囚われ姫と金と銀の王子
「・・・殿下、お願いがあります」

「なんだ?」

「私のいたあの国は、本当はいい所なんです。人も温かくて気候もよくて、住みやすい所だった。だから、またそんな場所に戻れるように、殿下の力であの場所を、元通りに直して貰えますか?」


私は横に立つ殿下を見据えて、そう話した。


父が国王になってから、どんどんと住んでいた国民が逃げていって、あれだけ賑やかだった城下街も寂れて活気のない街になってしまった。

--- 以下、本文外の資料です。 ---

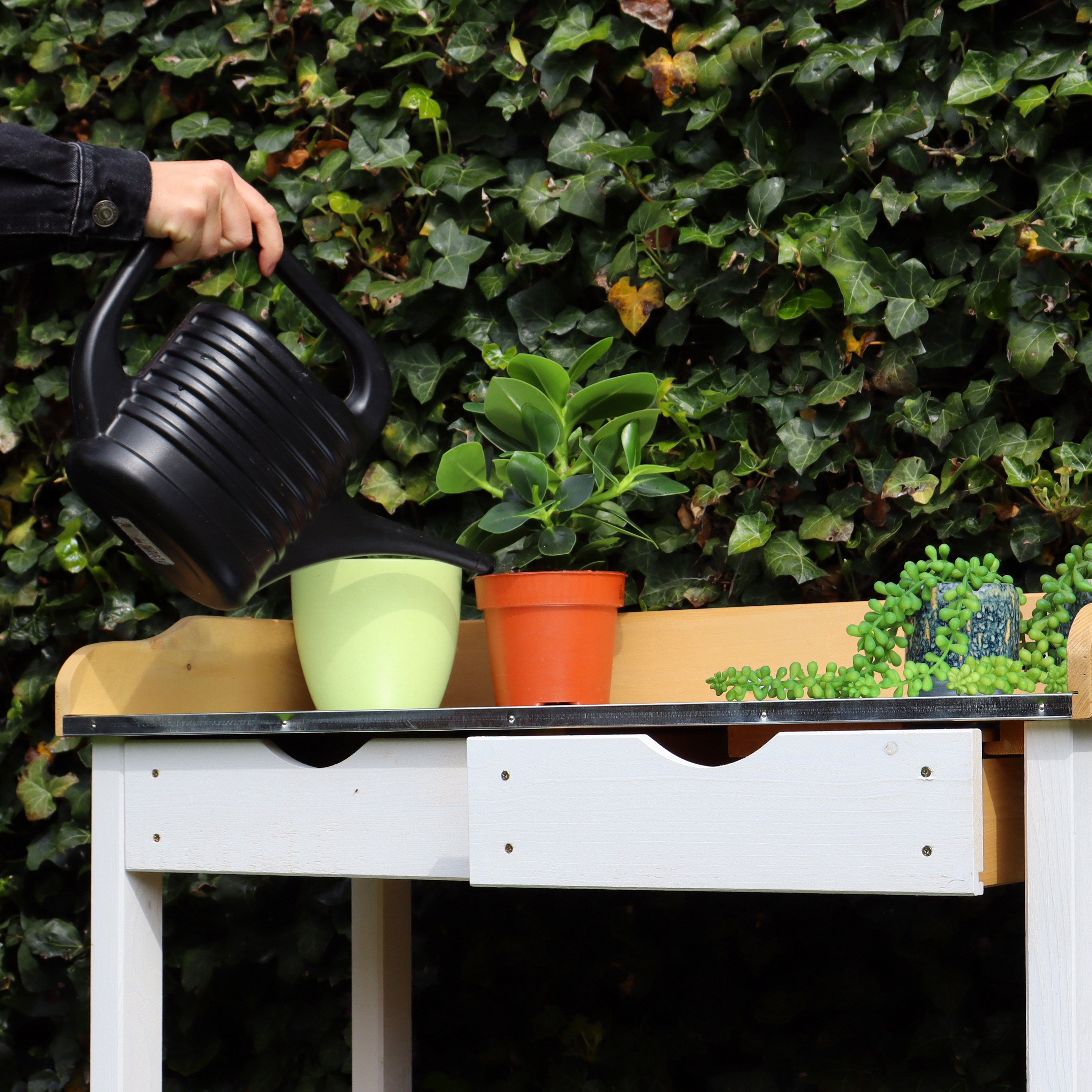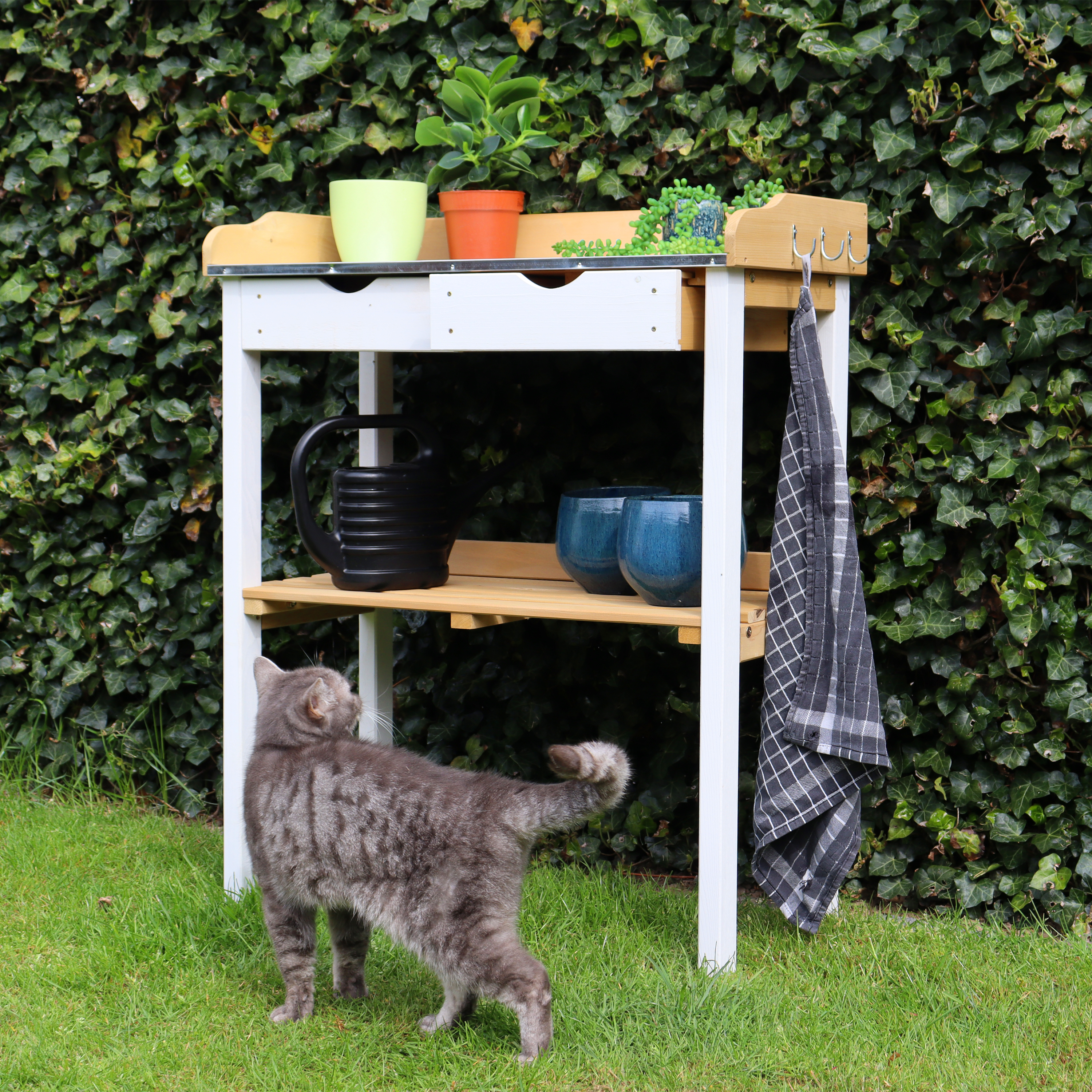De oppottafel heeft een zinken werkblad. Deze is niet alleen eenvoudig te reinigen, maar biedt ook bescherming tegen verwering. De oppottafel heeft veel bergruimte waardoor je jouw tuin of balkon altijd netjes kunt houden. Dankzij het handige formaat past de oppottafel niet alleen perfect in iedere tuin, maar kun je er ook op een klein stadsbalkon perfect mee uit de voeten. Is het tuinseizoen voorbij? Dan kun je de kweektafel ook als een leuke en decoratieve sidetable gebruiken. Stal bijvoorbeeld een mooie gieter of een andere outdoor eyecatcher uit! Door het gebruik van frisse en natuurlijke houten kleuren komt de tafel in iedere tuin perfect tot zijn recht.

本来ならば、王女である私が立て直さなければいけないのに、私ひとりの力ではどうにも出来ない。

だから、力のあるこの国を背負うアレックス王子に、前のような街に戻す事が出来るのなら・・・。


「もちろんだ、ソフィア。もう私の国だからね。前よりももっと活気のある、賑やかで住みやすい街にしてみせよう。早速だが、私の従兄のグランが領地の管理をする事になった。彼は優秀だ。きっと逃げていった国民達も戻ってくるんじゃないかな」


殿下の素早い行動に、身体から力が抜けそうになるほど安心して、自然と笑顔が零れる。

ずっと気に掛けていた事だったから、殿下がそう言ってくれた事が凄く嬉しくて。


そんな私を見つめたまま、何故か殿下は顔を赤くしていた。